Я забыл про биодобавку.

— Так я и знал, — сказал папа с удовольствием, — тебя ни о чем нельзя попросить. Ты ничтожество.

— Папа, хватит. Я — это все, что у тебя есть. Ты когда-нибудь над этим задумывался?

Нечестный прием. Но я и правда устал.

— Задумывался. — Папа энергично кивнул. — Я все время задумываюсь. Почему одни вырастают трудолюбивыми и родственными, даже в ужасных, совершенно ужасных условиях, а другие, которым обеспечивали все…

Под другими он имеет в виду меня.

Он обижается, что я живу отдельно. Он хочет, чтобы вместе. Чтобы он мог меня мучить чаще и дольше. Но он же не думает, что дело в этом, — он думает, что мы бы замечательно проводили время. Я бы возвращался с работы и рассказывал ему, как прошел день. А он бы рассказывал про то, как прошла его молодость. Замечательные, правильные отношения.

— Столько есть ответственных, работящих людей, — укоризненно сказал папа. — И возраст тут совершенно ни при чем. Вот человек дело делает. Добился всего, теперь о родне заботится.

Он слишком много смотрит телевизор. Там постоянно гонят какую-то пафосную чушь. Поэтому я спросил:

— Это сериал или реалити?

— Что? Нет, это тут, у нас. Можно сказать, под самым твоим носом.

Я рассеянно взглянул на газету, которую он тыкал мне под нос старческой рукой со вздутыми синими венами, и поймал себя на том, что не могу вспомнить его молодым. Но ведь он же был молодым! И кажется, уже тогда таким же помпезным, легко раздражающимся ритуальщиком. Черт, а я-то кто?

Газета была местная, а рубрика называлась «Наши знаменитые земляки».

Дальше шел заголовок, они, наверное, нарочно нанимают таких журналистов, которые не способны порождать ничего, кроме банальщины.


ВМЕСТЕ МЫ — СИЛА!


Более двадцати человек съедутся в наш город, чтобы познакомиться друг с другом на обеде, который будет дан в их собственную честь.

Всего лишь несколько месяцев назад переехал в наш город предприниматель Сергей Сергеевич Сметанкин. Однако за это время он успел не только развернуть здесь свой бизнес, но и предпринять беспрецедентные усилия, не связанные с его основным видом деятельности. Он задался целью найти и познакомить друг с другом дальнюю и ближнюю родню по отцу и матери. Еще в раннем детстве потеряв вследствие трагического инцидента своих родителей, он тем не менее проследил свою семейную историю в глубь веков и пригласил свою многочисленную родню в наш город. Тимофеевы, Доброхотовы, Хржановские и Скульские впервые увидят друг друга, и, возможно, этот неожиданный праздник послужит поводом для возобновления старых родственных отношений — а то и для новых неожиданных знакомств и встреч. «Никто так не умеет ценить родню, как мы, бывшие детдомовцы, — сказал Сергей нашему корреспонденту, — не знаю, будут ли рады мне новые родственники, но я счастлив обрести их. Надеюсь, эта встреча станет для нас праздником. Я давно мечтал увидеть потомков тех, кто сохранился лишь в фотографиях на страницах моего семейного альбома, и предпринял значительные усилия, чтобы разыскать их и собрать всех вместе». Итак, в ближайшие выходные в гостинице «Ореанда» соберутся люди, которые ничего не знают друг о друге, но тем не менее связаны незримой нитью родства. «Нет ничего важнее родных людей, — добавил Сергей, — и это единственный капитал, который не обесценивается».
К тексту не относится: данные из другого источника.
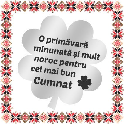 Martisor tip brosa gravata cu trifoi si mesajul O primavara minunata si mult noroc pentru cel mai bun cumnat, pe baza in forma de trifoi cu patru foi de culoare argintie. Martisor realizat din otel inoxidabil, un material rezistent ce nu isi modifica aspectul sau culoarea in timp, aspect ce face din acest martisor un accesoriu extrem de versatil, usor de asortat mai multor tinute vestimentare ce poate fi purtat si dupa sezonul de martisor atat pentru prinderea esarfei cat si ca accesoriu pe reverul sacoului/ paltonului sau pe geanta/ rucsac. Gravam cu bucurie martisoare special create pentru oamenii dragi din viata ta!
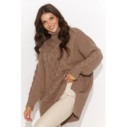 Dámský svetr z hřejivého fleecu. Skutečná lahůdka pro milovníky zimního pohodlí. Svetr se zastrčí přes hlavu. Má asymetrický střih, zadní díl je o něco delší než přední. Na bocích svetru je viditelný rozparek, který mu dodává na lehkosti a ležérnosti. Svetr má velkorysý a hřejivý rolák a dlouhé rukávy s praktickými žebrovanými konci. Jeho výrazným prvkem jsou různé vzory, včetně efektních plédů umístěných na přední straně. Tento svetr se skvěle kombinuje s legínami nebo přiléhavými kalhotami a lze jej nosit i jako tuniku. K dostání ve třech barevných provedeních. Tento model svetru vám umožní vyjádřit váš individuální styl a poskytne neuvěřitelnou volnost, přičemž dodá vašemu vzhledu charakter.
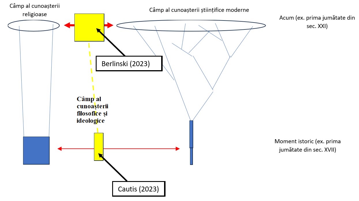 În figura de mai jos avem situația celor două lucrări amintite la începutul acestui text. Lucrarea Cautis (2023) tratează relația dintre știință și religie la nivelul de dezvoltare relevant secolului XVII, iar lucrarea Berlinksi (2023) se angajează în disputa ideologică derivată ateism-antiateism. Deși în titlurile ambelor se face referire la știință, niciuna dintre ele nu se referă la câmpul actual al științei, în starea sa din prima jumătate a începutului secolului XXI, ceea ce poate induce unui cititor neavizat, de exemplu studentelor și studenților în științe și teologie aflați la început de drum intelectual, una dintre confuziile de mai sus. De aceea, este important să contextualizăm contribuțiile respective și, în general, orice contribuție la dezvoltarea acestor domenii foarte complexe aflate în strânsă relație filosofică și ideologică.
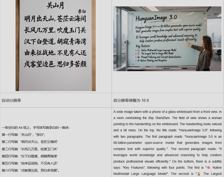 精确的文字渲染。在图里加字,一直是AI绘画的痛点,要么写出错别字,要么字体歪歪扭扭。混元图像3.0在这方面表现很突出,不管是海报标题、信息图表里的标注,还是品牌logo,甚至中英文混排,都能处理得相当到位。之前的2.1版本准确率就超过了95%,这次的3.0更上一层楼。
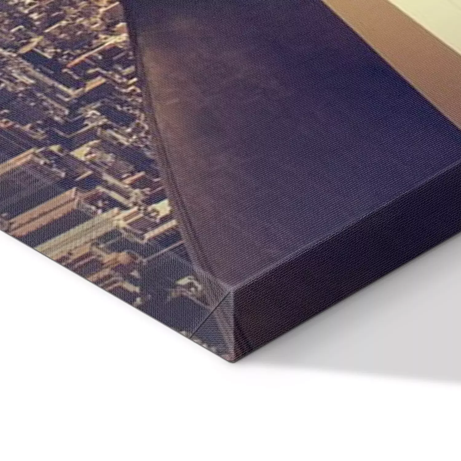 De print wordt aangebracht op hoogwaardig canvas dat op een schildersweefgetouw (spieraam) wordt gespannen. Omdat de print de zijranden bedekt, hoeft het ontwerp niet met een extra kader te worden omlijst. Wij raden ook composities aan die uit meerdere foto's bestaan en zo een coherente compositie vormen.
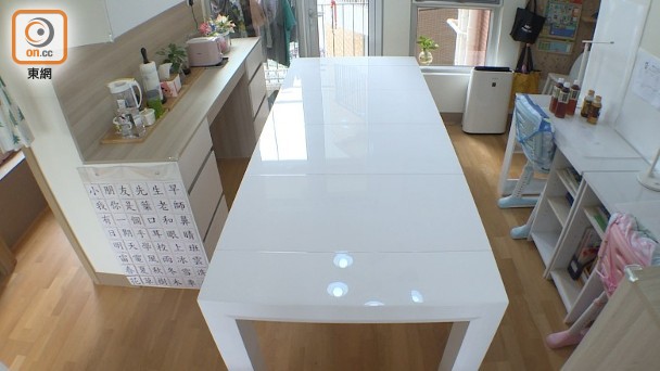 單位設長達2.3米的伸縮餐桌,不用的時可收在櫃內,節省空間。
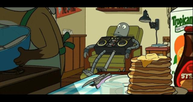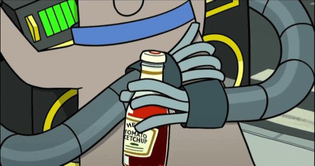 忽然番茄酱落地,猛得将机器人拉回现实,这是机器人的最后一个梦了。
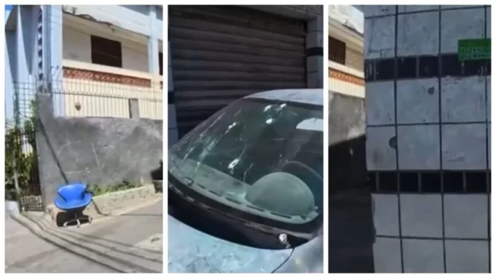 O profissional de imprensa mostrava os prejuízos causados por um tiroteio que havia acabado de acontecer. O confronto entre policiais e traficantes do Comando Vermelho (CV) deixou carros e imóveis danificados.

Нам остается только поздравить Сергея с этой замечательной инициативой и позавидовать его многочисленным родственным связям.


Тут же имелась и фотография Сметанкина, впрочем отфотошопленная, пригламуренная, отчего черты лица, и без того неуловимые, казались совсем неопределенными.

— Папа, — сказал я, — не хочу тебя огорчать, но это афера. Сплошное вранье.

— Почему ты никогда не веришь людям? — вспыхнул папа. — Почему всегда думаешь о людях плохо?

Он думал хорошо обо всех, кроме меня. И кроме своих бывших сослуживцев. Вообще, обо всех, кроме тех, кого знал лично.

— Потому что я знаю этого человека.

— Вздор, — сказал папа, — откуда ты его можешь знать? Он тебя на порог не пустил бы. Приличный человек, своя фирма.

— Ты же сам всегда говорил, что все бизнесмены — жулики.

— Бизнесмен — это одно, — сказал папа, — а деловой человек — совсем другое. Я пойду. И тетя Лиза пойдет.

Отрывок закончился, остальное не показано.